Hardware, software makers may soon be able to invest in SEZs

Written by Vrishti Beniwal | New Delhi, Jan 6 | Updated: Jan 7 2008, 05:51am hrs
Electronics hardware and software companies may soon be cleared to invest in special economic zones and integrated townships. Plans to build integrated townships of up to 40 sq km in area would keep the cost-competitiveness of the IT sector going even after the tax breaks offered the Software Technology Parks of India (STPI) scheme come to an end in 2009.

Mega-cities plans have been drawn up by the department of information technology and identified as an IT investment region.
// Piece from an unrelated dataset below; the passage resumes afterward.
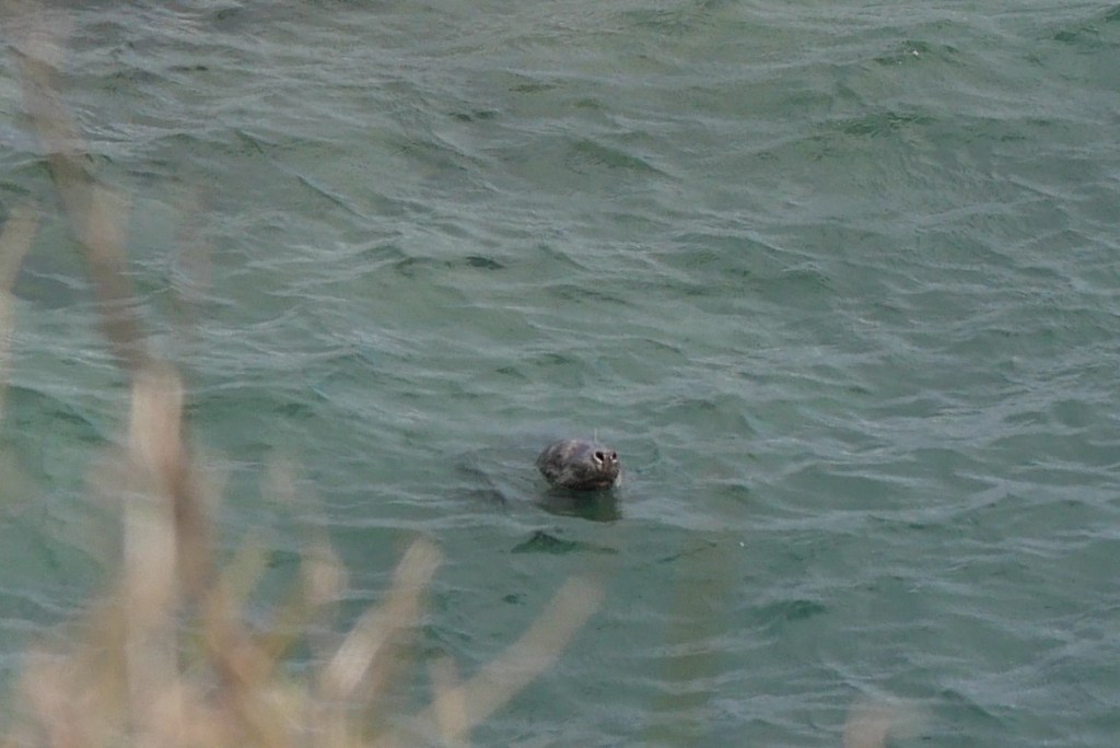 I was very excited, however, to be looking through my photos later in the day and find that I had taken an accidental shot of nothing in particular only to zoom in on a black spot in the sea and find I had caught a seal swimming!

According to sources, the idea of developing a region jointly for the hardware and software sectors was mooted by the Prime Ministers Office after recommendations from industry bodies, including the Manufacturers Association for Information Technology and Nasscom.

An investment of about Rs 150 crore will be made towards integrated development of such regions. These regions will be developed, keeping in mind the needs of the sectors, as there will be specialisation of zones. These will include science parks as well as accommodation for professionals working in the zones, a source told FE.

Land acquisition and development of a region will be done by states, while infrastructure will be built by developers. A feasibility study and planning will be done by the government.

The STPIs and 100% export-oriented units (EOUs) continue to enjoy tax exemptions for 15 years. But, as the STPI scheme is set to come to end in March 2009, it has worried software exporters operating out of such regions. The proposed IT investment region scheme will come as a respite to IT and ITeS companies as there is no clarity yet on whether the STPI scheme will be extended despite requests from Nasscom, the IT and the commerce ministry.